BRIEF: Only the lines below from the one with "支教队员和孩子们绘制黑板报 郝苏宇摄" through the one with "Drug Development and" are to be written out, exactly and without any images.

RECORDS FOR THIS EXERCISE:
↓
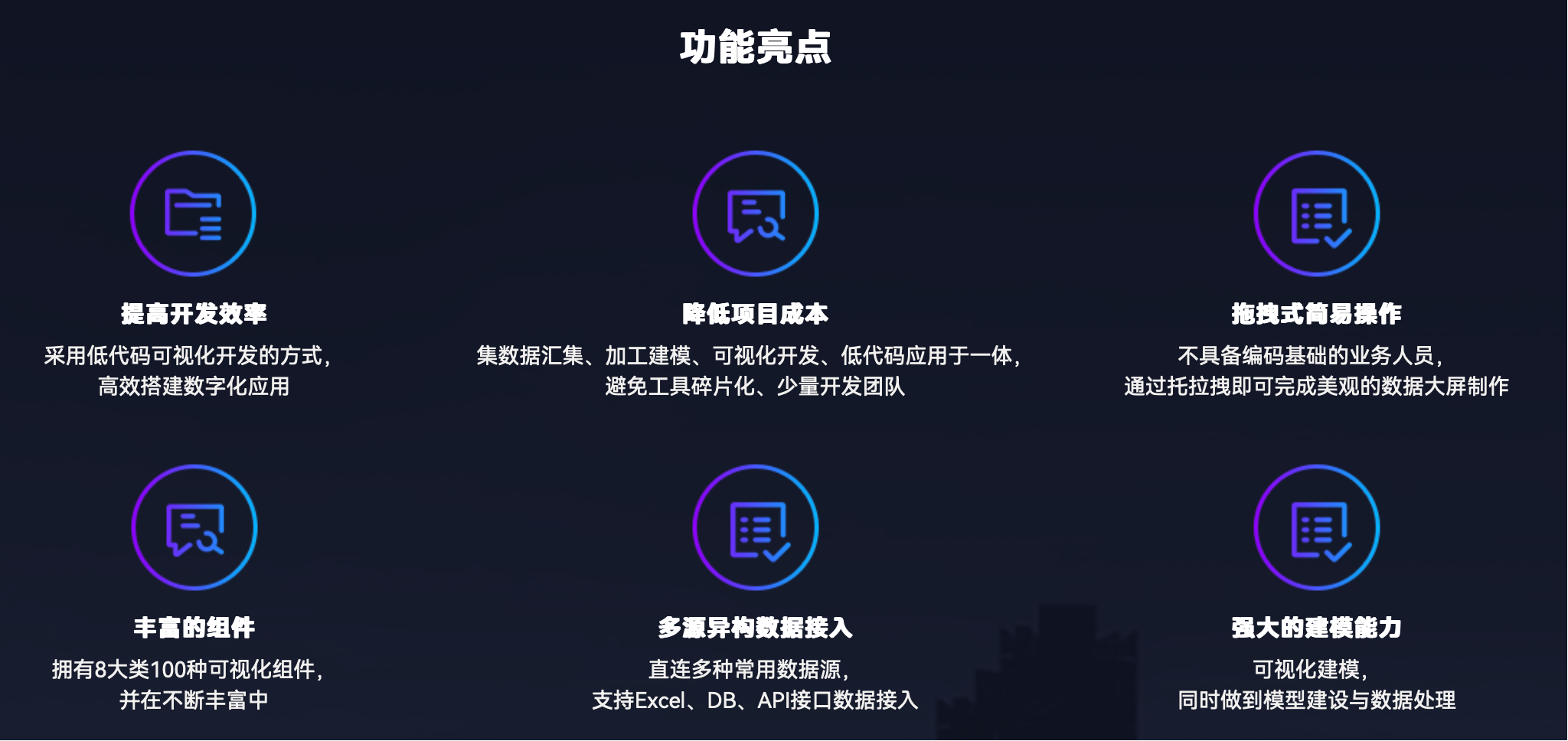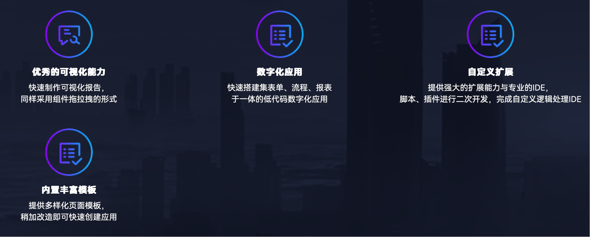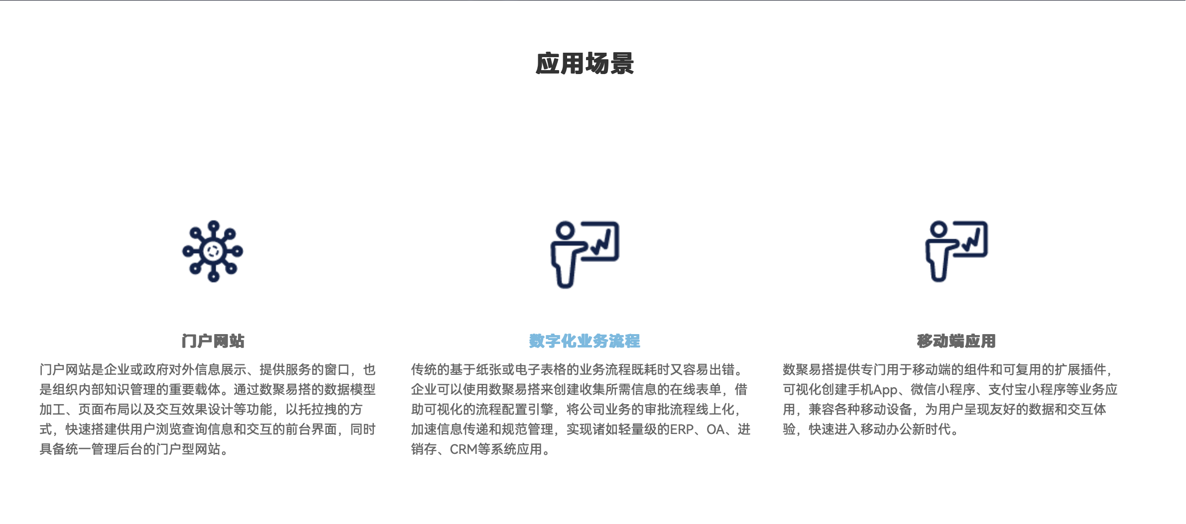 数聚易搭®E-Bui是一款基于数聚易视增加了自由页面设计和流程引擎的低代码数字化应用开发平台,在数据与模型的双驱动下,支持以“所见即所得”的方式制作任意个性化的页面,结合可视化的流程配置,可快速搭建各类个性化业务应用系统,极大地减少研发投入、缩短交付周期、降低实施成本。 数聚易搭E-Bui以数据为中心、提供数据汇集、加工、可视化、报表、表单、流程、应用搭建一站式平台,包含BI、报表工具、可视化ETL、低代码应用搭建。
↑
↓
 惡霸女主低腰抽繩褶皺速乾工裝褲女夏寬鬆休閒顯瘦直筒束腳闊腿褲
↑
↓
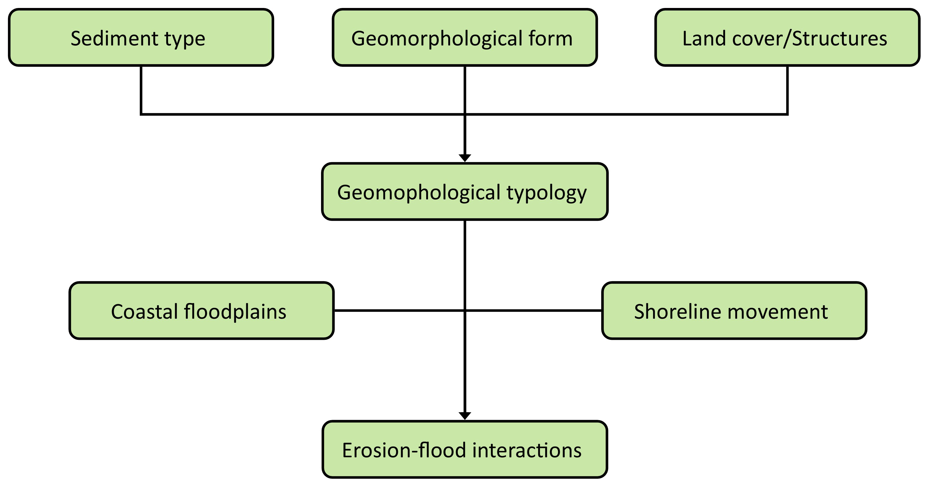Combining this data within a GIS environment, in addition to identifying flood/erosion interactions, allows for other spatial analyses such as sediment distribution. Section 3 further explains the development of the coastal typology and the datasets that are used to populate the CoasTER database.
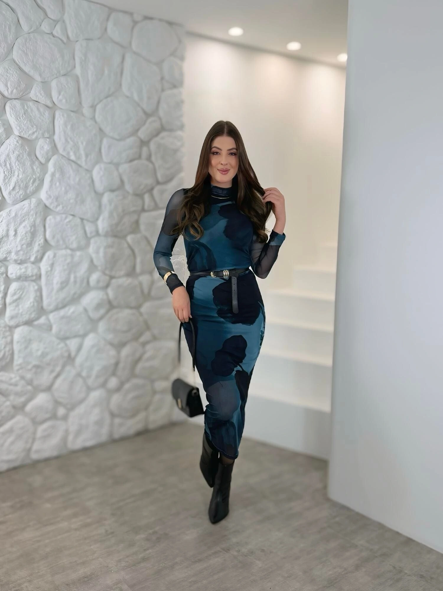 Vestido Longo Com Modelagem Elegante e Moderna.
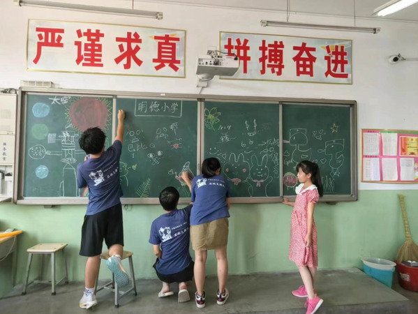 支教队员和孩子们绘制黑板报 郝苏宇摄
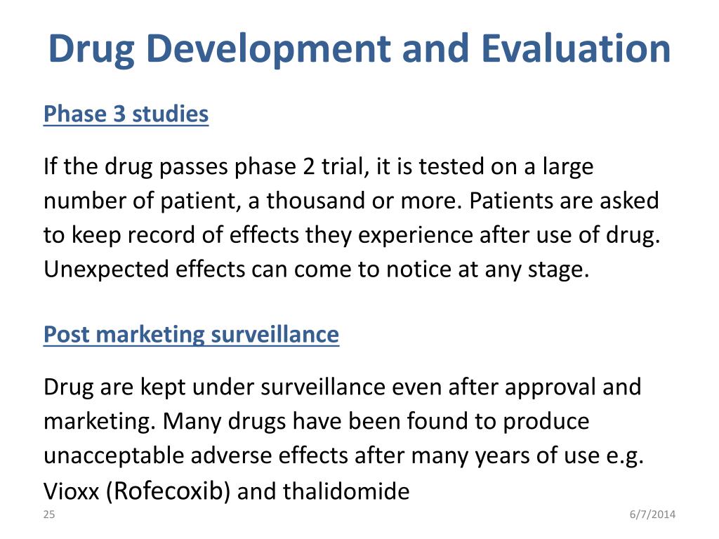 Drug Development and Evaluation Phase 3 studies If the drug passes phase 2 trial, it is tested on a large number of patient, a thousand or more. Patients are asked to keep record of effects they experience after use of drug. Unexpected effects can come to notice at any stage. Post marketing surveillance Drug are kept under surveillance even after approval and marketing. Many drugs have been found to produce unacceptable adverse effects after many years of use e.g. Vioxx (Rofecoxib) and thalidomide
↑
RESPONSE TO THE EXERCISE:
 支教队员和孩子们绘制黑板报 郝苏宇摄
 Drug Development and Evaluation Phase 3 studies If the drug passes phase 2 trial, it is tested on a large number of patient, a thousand or more. Patients are asked to keep record of effects they experience after use of drug. Unexpected effects can come to notice at any stage. Post marketing surveillance Drug are kept under surveillance even after approval and marketing. Many drugs have been found to produce unacceptable adverse effects after many years of use e.g. Vioxx (Rofecoxib) and thalidomide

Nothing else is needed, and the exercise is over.